How to connect Azure Data Factory and Microsoft Purview
This document explains the steps required for connecting an Azure Data Factory account with a Microsoft Purview account to track data lineage and ingest data sources. The document also gets into the details of the activity coverage scope and supported lineage patterns.
When you connect an Azure Data Factory to Microsoft Purview, whenever a supported Azure Data Factory activity is run, metadata about the activity's source data, output data, and the activity will be automatically ingested into the Microsoft Purview Data Map.
If a data source has already been scanned and exists in the data map, the ingestion process will add the lineage information from Azure Data Factory to that existing source. If the source or output doesn't exist in the data map and is supported by Azure Data Factory lineage Microsoft Purview will automatically add their metadata from Azure Data Factory into the data map under the root collection.
This can be an excellent way to monitor your data estate as users move and transform information using Azure Data Factory.
View existing Data Factory connections
Multiple Azure Data Factories can connect to a single Microsoft Purview to push lineage information. The current limit allows you to connect up to 10 Data Factory accounts at a time from the Microsoft Purview management center. To show the list of Data Factory accounts connected to your Microsoft Purview account, do the following:
Select Management on the left navigation pane.
Under Lineage connections, select Data Factory.
The Data Factory connection list appears.
Notice the various values for connection Status:
- Connected: The Data Factory is connected to the Microsoft Purview account.
- Disconnected: The Data Factory has access to the catalog, but it's connected to another catalog. As a result, data lineage won't be reported to the catalog automatically.
- Unknown: The current user doesn't have access to the Data Factory, so the connection status is unknown.
Note
To view the Data Factory connections, you need to be assigned the following role. Role inheritance from management group is not supported. Collection admins role on the root collection.
Create new Data Factory connection
Note
To add or remove the Data Factory connections, you need to be assigned the following role. Role inheritance from management group is not supported. Collection admins role on the root collection.
Also, it requires the users to be the data factory's "Owner" or "Contributor".
Your data factory needs to have system assigned managed identity enabled.
Follow the steps below to connect an existing data factory to your Microsoft Purview account.
Select Management on the left navigation pane.
Under Lineage connections, select Data Factory.
On the Data Factory connection page, select New.

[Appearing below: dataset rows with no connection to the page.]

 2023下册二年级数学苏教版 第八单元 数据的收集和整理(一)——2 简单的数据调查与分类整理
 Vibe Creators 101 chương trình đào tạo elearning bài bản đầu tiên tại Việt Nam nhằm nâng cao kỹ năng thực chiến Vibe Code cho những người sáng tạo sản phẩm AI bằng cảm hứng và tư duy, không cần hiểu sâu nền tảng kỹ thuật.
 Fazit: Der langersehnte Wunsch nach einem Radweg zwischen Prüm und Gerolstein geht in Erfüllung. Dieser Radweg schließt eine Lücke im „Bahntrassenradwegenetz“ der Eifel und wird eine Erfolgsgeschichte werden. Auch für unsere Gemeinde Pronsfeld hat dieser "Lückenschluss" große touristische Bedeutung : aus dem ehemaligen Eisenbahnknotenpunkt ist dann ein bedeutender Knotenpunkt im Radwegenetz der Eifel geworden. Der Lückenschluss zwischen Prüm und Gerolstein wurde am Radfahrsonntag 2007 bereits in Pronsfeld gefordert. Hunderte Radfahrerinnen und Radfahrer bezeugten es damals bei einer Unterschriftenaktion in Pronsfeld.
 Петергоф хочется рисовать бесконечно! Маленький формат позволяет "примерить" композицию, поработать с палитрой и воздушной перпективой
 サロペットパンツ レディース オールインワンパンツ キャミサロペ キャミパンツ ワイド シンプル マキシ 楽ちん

Select your Data Factory account from the list and select OK. You can also filter by subscription name to limit your list.
Some Data Factory instances might be disabled if the data factory is already connected to the current Microsoft Purview account, or the data factory doesn't have a managed identity.

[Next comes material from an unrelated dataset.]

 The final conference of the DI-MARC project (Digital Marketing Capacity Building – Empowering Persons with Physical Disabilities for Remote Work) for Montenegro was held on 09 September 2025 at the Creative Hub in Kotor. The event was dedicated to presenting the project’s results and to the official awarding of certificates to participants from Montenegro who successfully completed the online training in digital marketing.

A warning message will be displayed if any of the selected Data Factories are already connected to other Microsoft Purview account. When you select OK, the Data Factory connection with the other Microsoft Purview account will be disconnected. No other confirmations are required.
Note
We support adding up to 10 Azure Data Factory accounts at once. If you want to add more than 10 data factory accounts, do so in multiple batches.
How authentication works
Data factory's managed identity is used to authenticate lineage push operations from data factory to Microsoft Purview. When you connect your data factory to Microsoft Purview on UI, it adds the role assignment automatically.

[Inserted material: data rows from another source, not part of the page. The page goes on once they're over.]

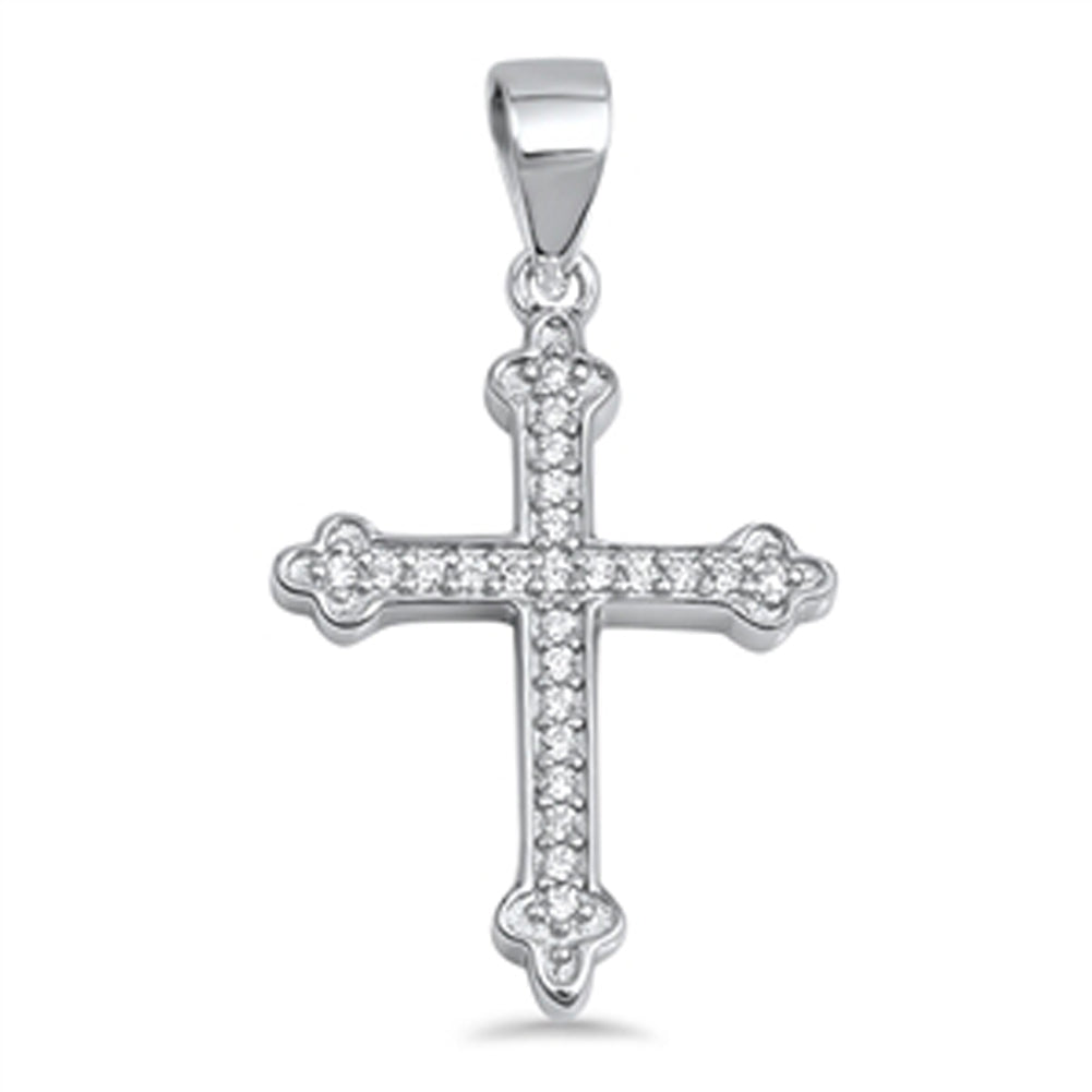 Studded Bud Cross Pendant Clear Simulated CZ .925 Sterling Silver Ornate Charm
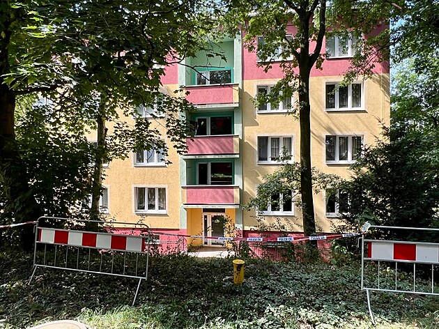Vchod domu, jehož obyvatelé museli kvůli narušené statice pryč, je obehnaný zábranami. (28. srpna 2025)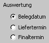 Vor der Auswertung muss die Auswertungsart definiert werden. Wählen Sie zwischen Belegdatum, Liefertermin und Finaltermin.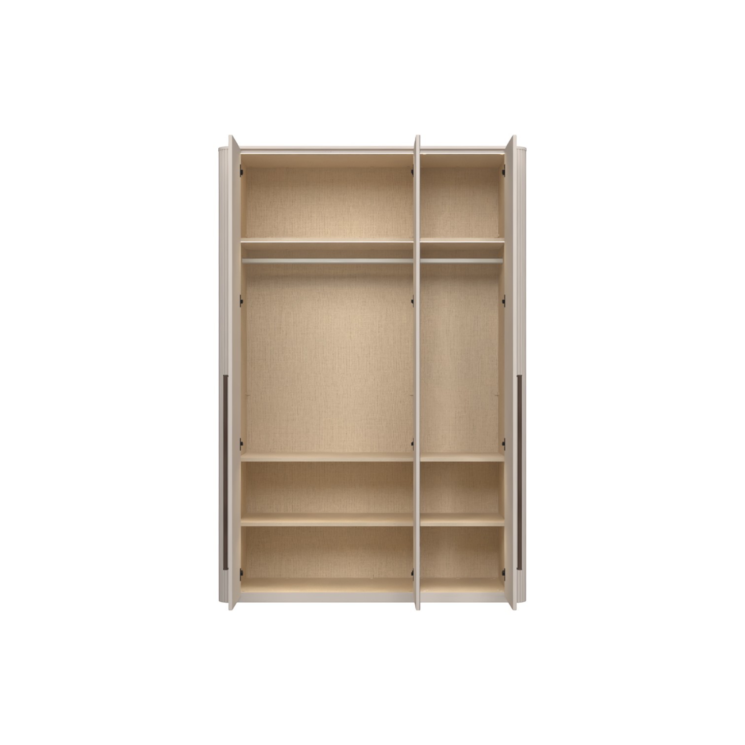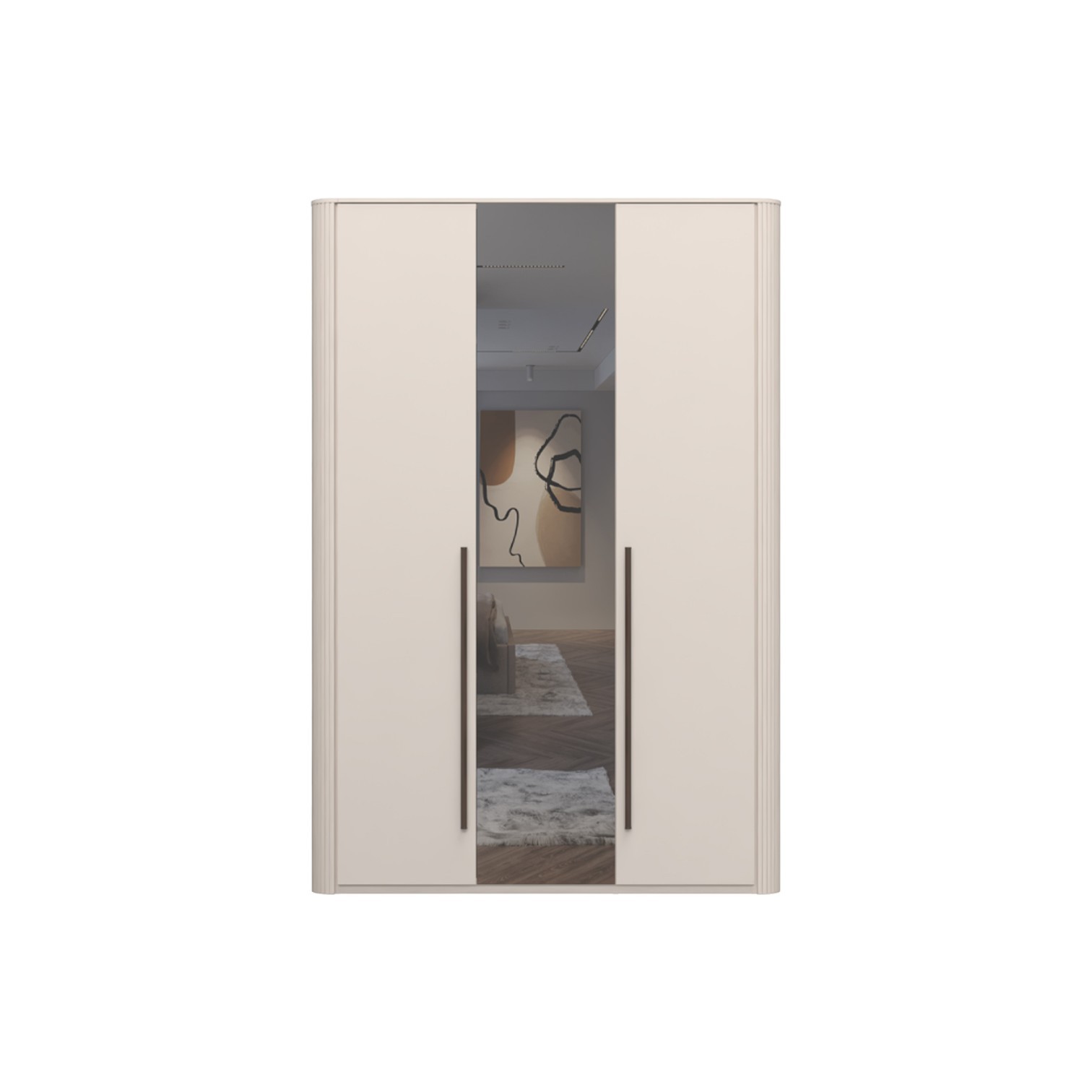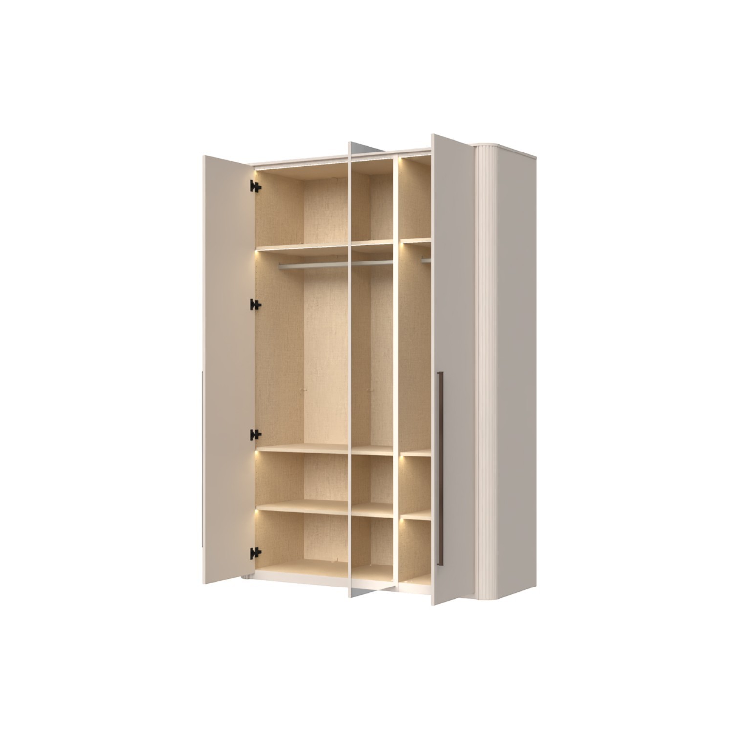 Funkcionalni ormar s dva krila lakirana UV soft matt lakom u kašmir dekoru i krilom s ogledalom. Dvostrano lakirano soft mat UV lakom u dekoru kašmir ukrasni stup i stropna letvica u dekoru kašmir mat lak interijer u textil dekoru LED rasvjeta u stropu i u policama 25,4W SPL6 2 kom., 3 veće i 3 manje police sa osvjetljenjem, 1 veća i 1 manja garderobna šipka, niveliranje nogica, ručka metal-koža, dekor Midnight Copper.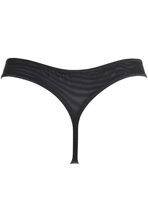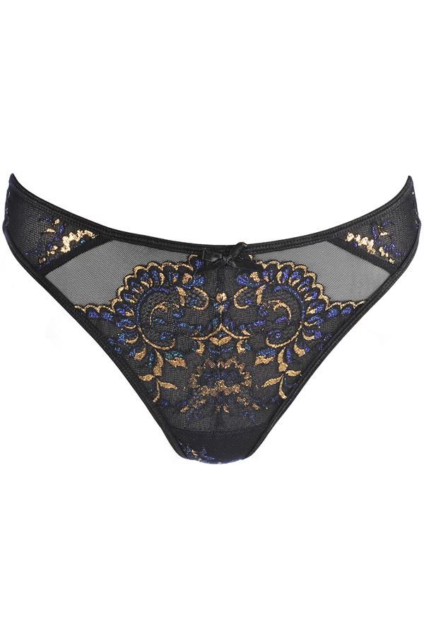 Charmante string van comfortabel gaas met kanten voorzijde waarin blauw-gouden accenten opvallend glinsteren in het zwart.

Grant the data factory's managed identity Data Curator role on Microsoft Purview root collection. Learn more about Access control in Microsoft Purview and Add roles and restrict access through collections.
Remove Data Factory connections
To remove a data factory connection, do the following:
On the Data Factory connection page, select the Remove button next to one or more data factory connections.
Select Confirm in the popup to delete the selected data factory connections.
Monitor the Data Factory links
In Microsoft Purview governance portal, you can monitor the Data Factory links.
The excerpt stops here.